確かにワクチンを2回打った「接種率」は全国民の39.3%で、一つの目安とされた「4割」に到達しつつあり、65歳以上の高齢者に限ると85.1%に達している(いずれも内閣官房8月19日公表値)。しかし、「デルタ株」など、これまでより感染力が高く、ワクチンの効果を低下させる効果があると言われている「変異株」の感染が爆発しており、連日のように感染確認者数が過去最大を更新したというニュースが流れている。新型コロナの沈静化にはほど遠いのが実情だ。軽症者を原則的に自宅療養に切り替える療養方針の転換も大きな批判を浴びた。

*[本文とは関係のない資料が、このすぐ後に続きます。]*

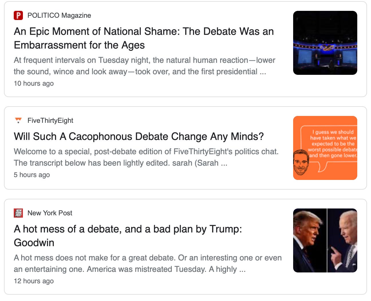 Of course the majority of Americans probably don’t watch the show. They are worried about putting their lives back together and having a future. They’ve long since decided whom they’re voting for and no debate is going to change their minds. But the Trump show is big business and many enterprises depend on it and to make it churn they need audience engagement.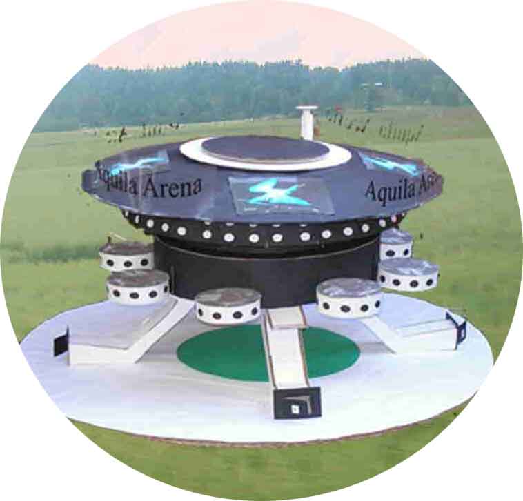 Above the arena is a non-transparent roof with a mobile opening of the same size as the pitch. This roof can be opened or closed according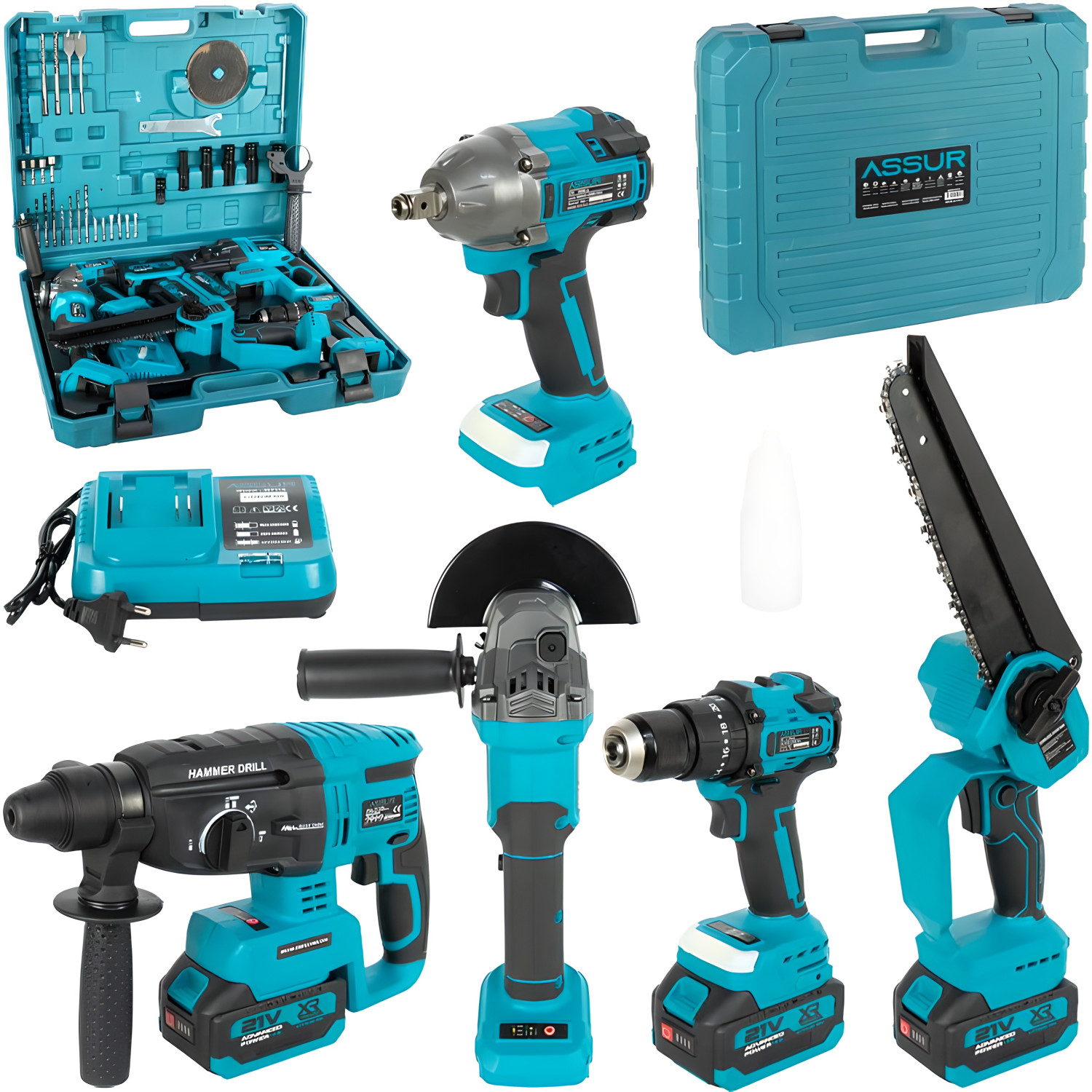 Аккумуляторный набор инструментов 5-в-1, 21V, бесщеточный, с цепной пилой и кейсом (ASR1201) — описание и характеристики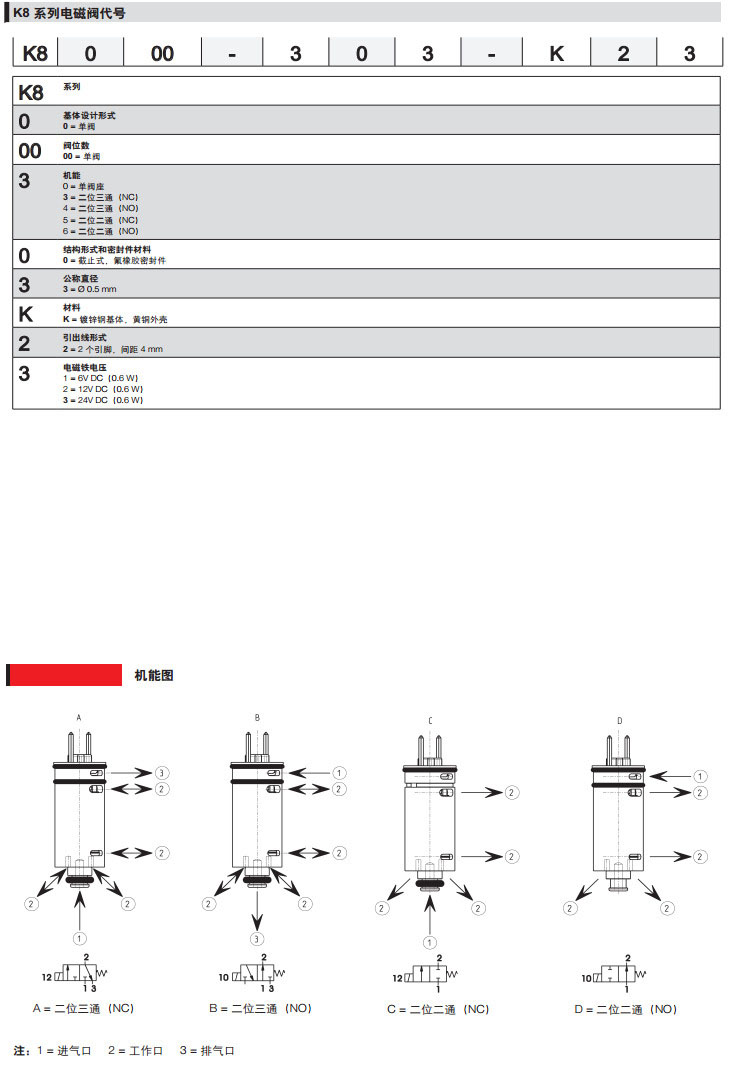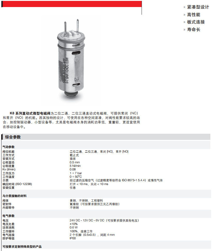 詳細(xì)信息 K8000-003-K21,K8000-303-K22,K8000-403-K23,K8000-503-K21,camozzi直動(dòng)式微型電磁閥

五輪では、日本代表選手の活躍が国民を沸かせた。開会式の世帯平均視聴率は56.4%、閉会式で46.7%(いずれも関東地区のビデオリサーチ調査結果)に達したが、政権支持率の向上にはつながっていない。コロナ禍での無観客開催や大会関係人事や演出の混乱に対する失望、スポーツの政治利用に対する冷ややかな視線もあろう。開会式では、天皇陛下の開会宣言が始まっているにも関わらず首相が起立しておらず、小池百合子東京都知事に促されるような形で立ち上がる姿も映し出された。長すぎるバッハIOC会長のスピーチの後で「予定されていたアナウンスが流れなかった」として組織委員会が後日謝罪したが、このアクシデントを含めて開会式をリアルタイムで視聴していた人数は、全国で実に約7000万人を超えると推計されている。
菅首相はその後、「抗体カクテル療法」を実施している品川プリンスホテル内療養施設を視察し、広報的な観点からのイメージ挽回策を積極的に取ろうとしているように思える。しかし他方で、広島の平和記念式典での原稿読み飛ばし、長崎での遅刻に加えて、17日の記者会見では「感染拡大を最優先」と言い間違えるなど、体調を不安視させる事例も頻発するようになってきた。